* RECORDED INFORMATION
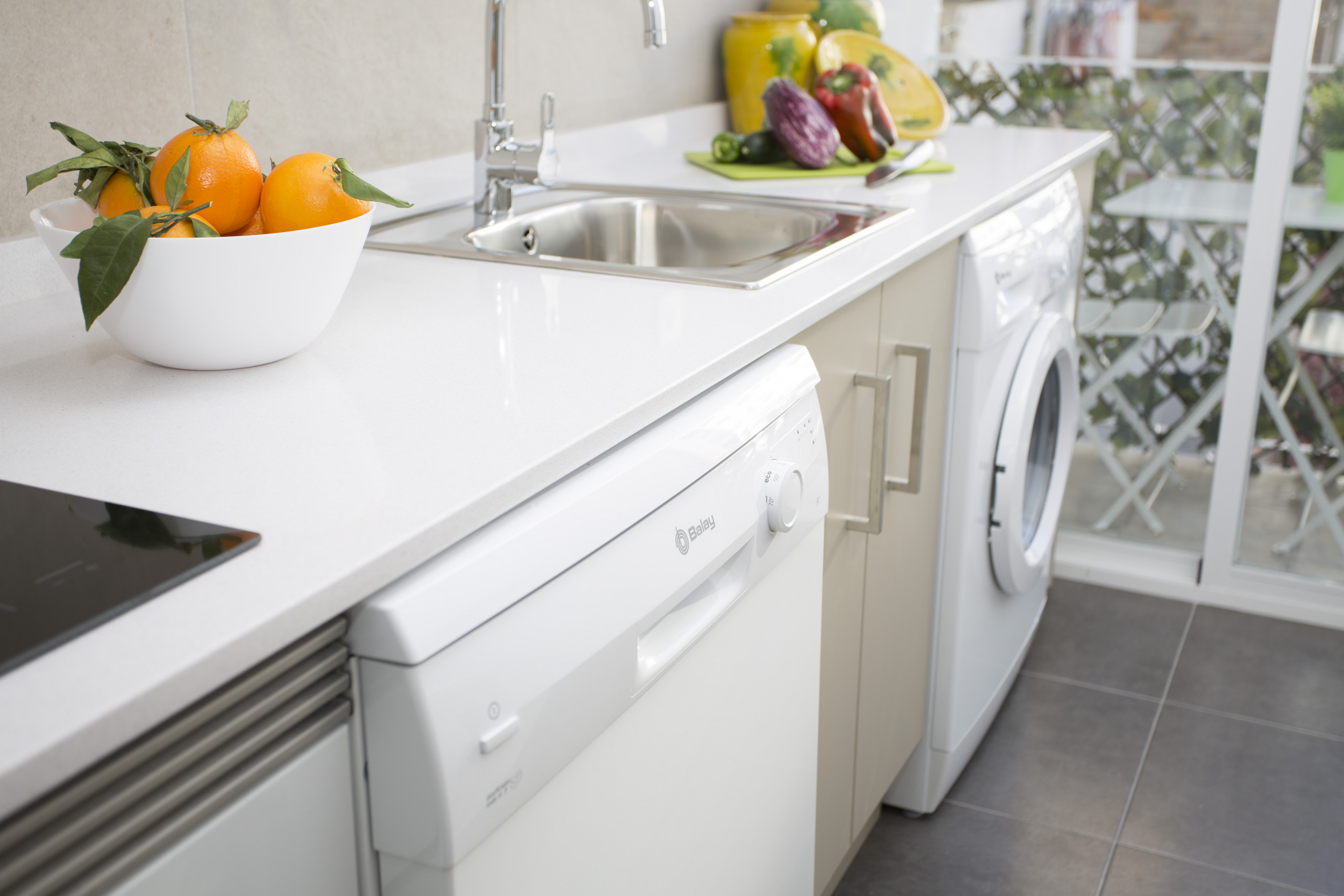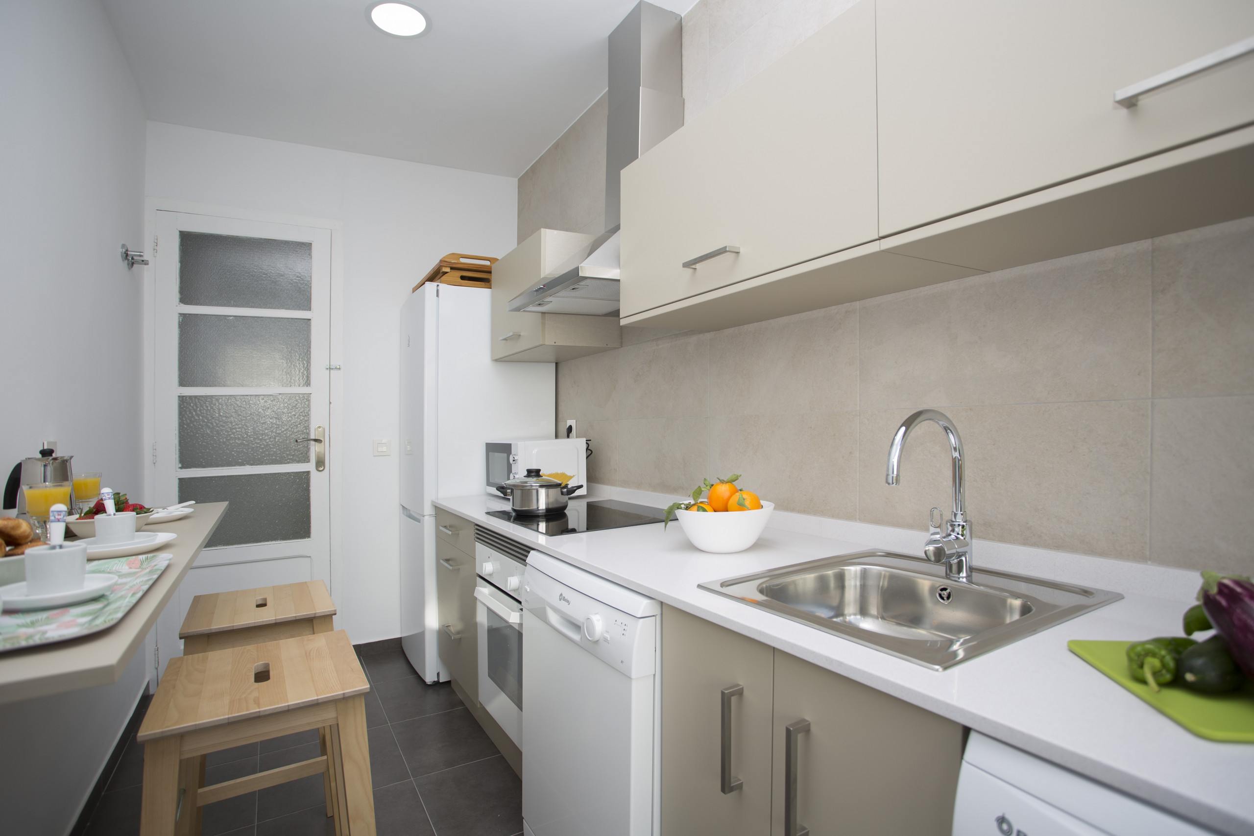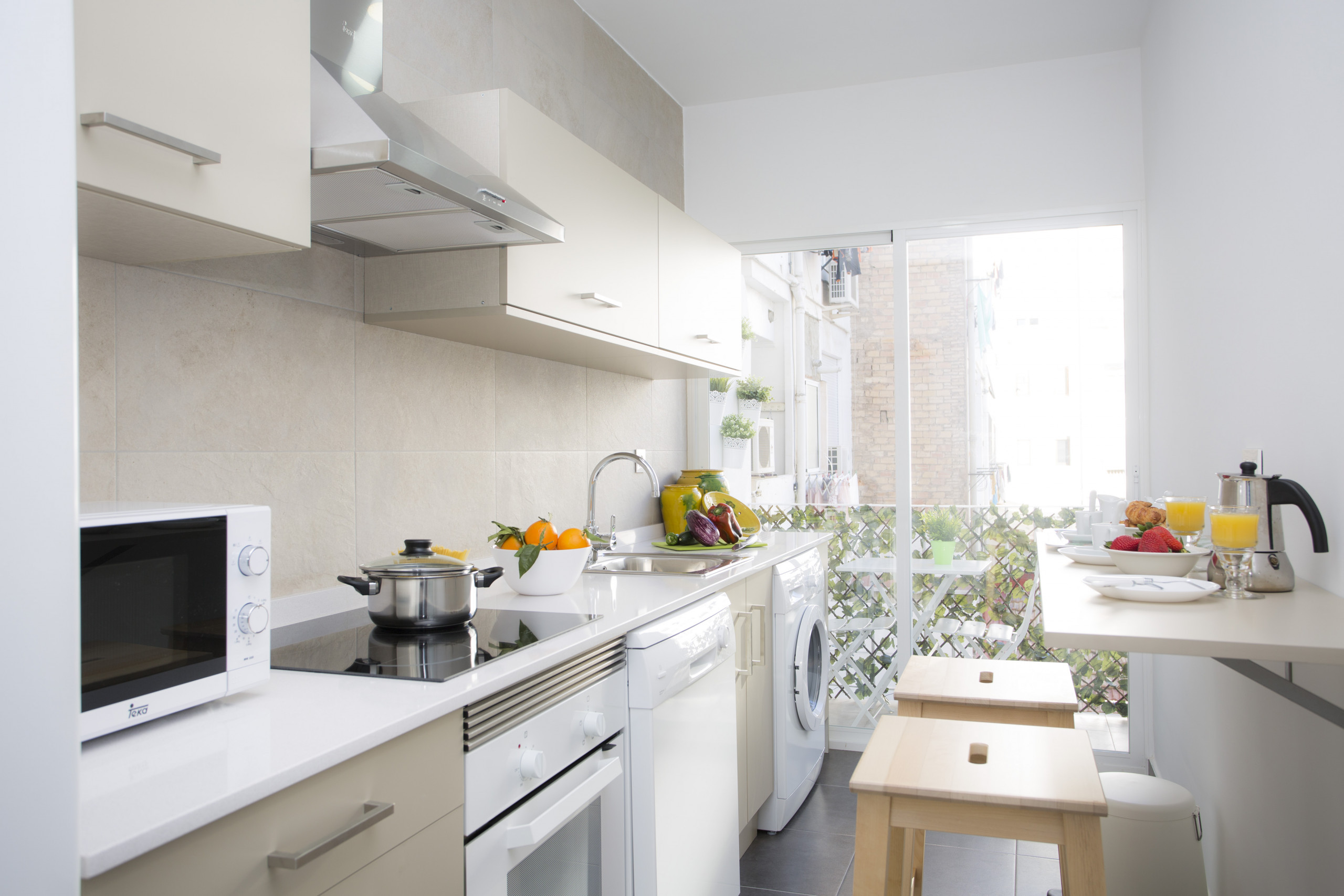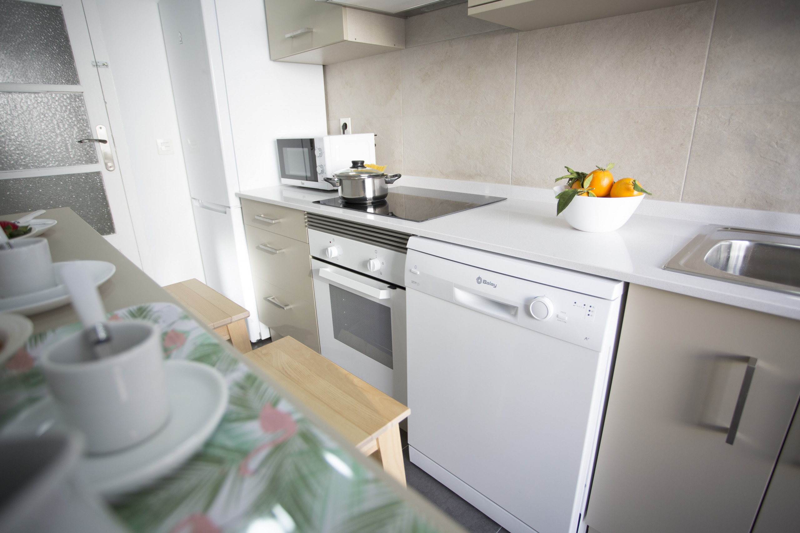 In the vitroceramic independent kitchen, refrigerator, microwave, oven, freezer, washing machine, dishwasher, dishes/cutlery, kitchen utensils, coffee machine, toaster, kettle and juicer are provided.
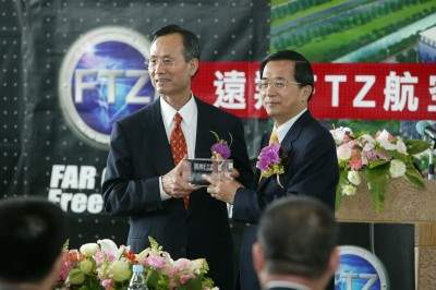 陳總統水扁先生今天上午在參訪遠翔FTZ航空貨運園區時表示,台灣過去透過「出口加工區」及「科學園區」的成立,奠定了台灣經濟奇蹟的兩大支柱。展望未來,希望透過「自由貿易港區」的開發與營運,為台灣產業的發展,再次開創另一頁光輝燦爛的歷史。
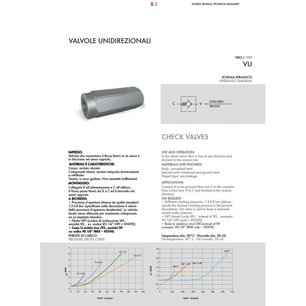 Introducing our cutting-edge VU check valve, a pivotal component engineered to enhance fluid control and ensure seamless operation within hydraulic systems. With its innovative design and robust construction, this one-way valve delivers exceptional performance by allowing fluid flow in one direction while effectively blocking reverse flow.

* EXERCISE DIRECTIONS
Give back the full data exactly as it reads, but drop the pictures.

* RESULT OF THE EXERCISE
 In the vitroceramic independent kitchen, refrigerator, microwave, oven, freezer, washing machine, dishwasher, dishes/cutlery, kitchen utensils, coffee machine, toaster, kettle and juicer are provided.
 陳總統水扁先生今天上午在參訪遠翔FTZ航空貨運園區時表示,台灣過去透過「出口加工區」及「科學園區」的成立,奠定了台灣經濟奇蹟的兩大支柱。展望未來,希望透過「自由貿易港區」的開發與營運,為台灣產業的發展,再次開創另一頁光輝燦爛的歷史。
 Introducing our cutting-edge VU check valve, a pivotal component engineered to enhance fluid control and ensure seamless operation within hydraulic systems. With its innovative design and robust construction, this one-way valve delivers exceptional performance by allowing fluid flow in one direction while effectively blocking reverse flow.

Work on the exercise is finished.